Eva Cheung graduated from the Bachelor of Architectural Studies (BAS) in 2009 at The University of Auckland. She has completed the Masters of Architecture in 2011 with First Class Honours, where her thesis investigated Atelier Bow-Wow’s notion of behaviorology and the kaleidoscopic aspects of the architecture in the urbanscape of her hometown, Hong Kong.
What advice would you give to your 20-year-old self?
Don’t feel guilty about taking breaks in life. It’s okay to have down times, and periods of non-production. When you are ready, you can continue to do what you enjoy doing, even if it makes you a bit different or you deviate from the mainstream because of the time it takes. Do it with confidence and complete the task. Many years later, when you look back, you can still feel a sense achievement and you will be content.
Name a project you wish you had worked on and explain why.
Woolcott Residence in Auckland by Young + Richards. This was the first company I worked for after my graduation in architecture, and I joined the company at a time of transition, from CAD to BIM. It was a steep learning curve. While I was still familiarising myself with drawing submissions and building standards, I also had to learn how to use Revit in my own way to match CAD standards and meet deadlines. Woolcott Residence was modelled up in Revit and it produced the drawings for council submissions. Unfortunately, I was unable to continue with the project until the final-build, when I made my decision to move back to Hong Kong. Woolcott Residence has been completed and I am glad to review photos that matched my impression of the Revit model.
What would people be surprised to know about you?
I was brought up in New Zealand with my Chinese family. Likewise, many of my friends and colleagues, they all spoke English and one (or even two other) languages, so it felt normal for me to experience this cross-cultural exchange from a young age. Coming back to Hong Kong has made me realise that, even though I look like a Hong Kong local, I can really be different to them. One of my old colleagues even said I never look like I’ve stayed abroad! I enjoy being in Hong Kong where I can adapt to this new culture in a familiar way, but my upbringing and experiences are all unique stories.

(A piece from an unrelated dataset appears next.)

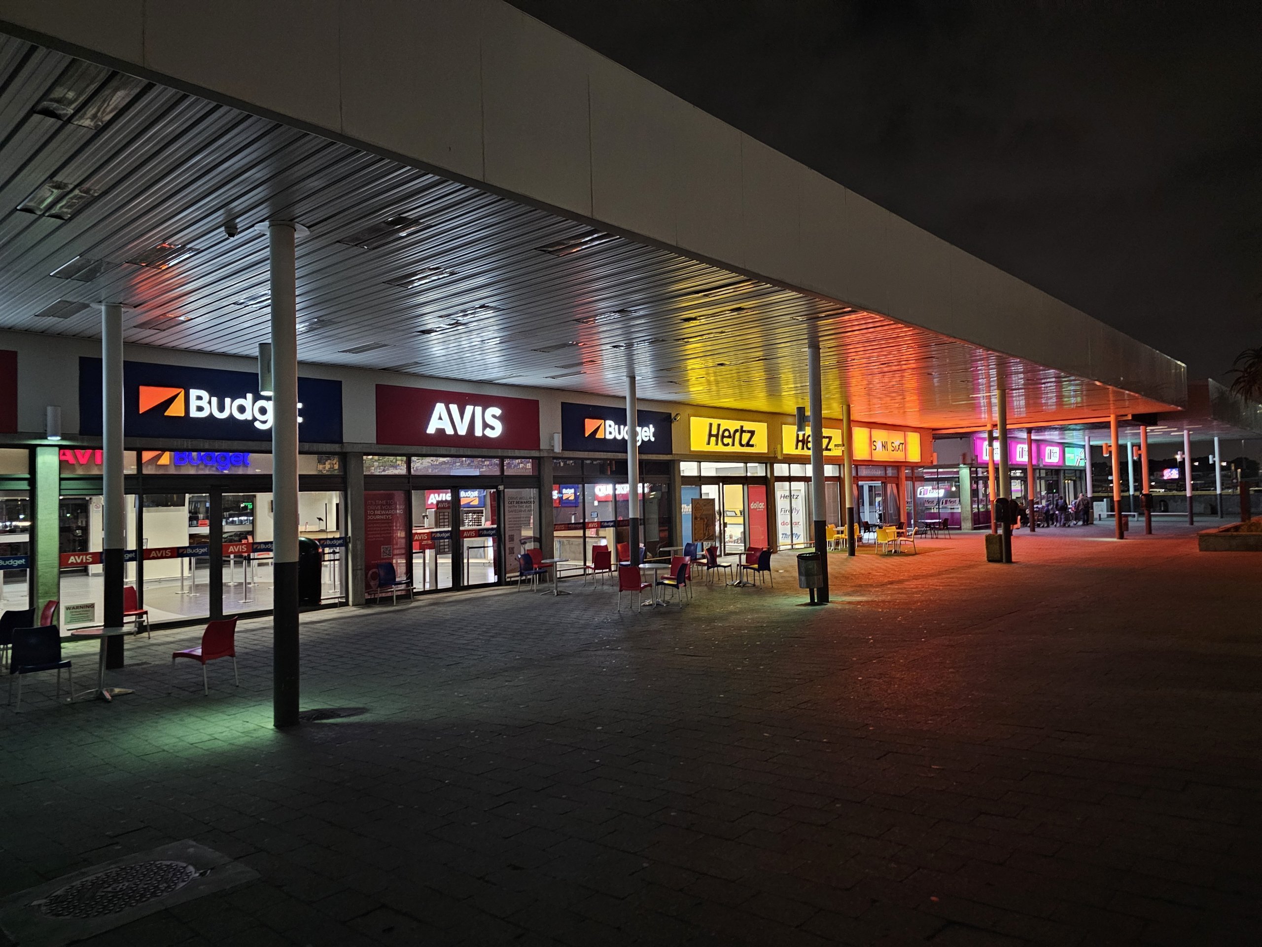 Alle biludlejningssteder ligger ca. 3-5 minutters gang fra terminalen langs en velafmærket fodgængersti.

What do you believe are the current challenges in our industry and how do we overcome them?
I believe that the greatest challenge for HK construction industry is the true acceptance of BIM. BIM would bring a great change in the conventional construction process and open new knowledge to practicing experts. It is important that we face this challenge with an open mind and the willingness to learn new things. Moving out of our comfort zone requires courage and a mentality to accept the unknown – this is more important than acquiring the knowledge in BIM itself.
What is going to be the next big thing for the digital built environment?
Many current projects are making use of the BIM model as part of facilities management. Sensors are installed onto site, and linked back to the database of the model, so that the virtual model becomes a real “live” digital twin of the building. It raises a question for existing buildings: would this be applicable and worthwhile to re-create the as-built models to collect and store information, and to record live data for building management?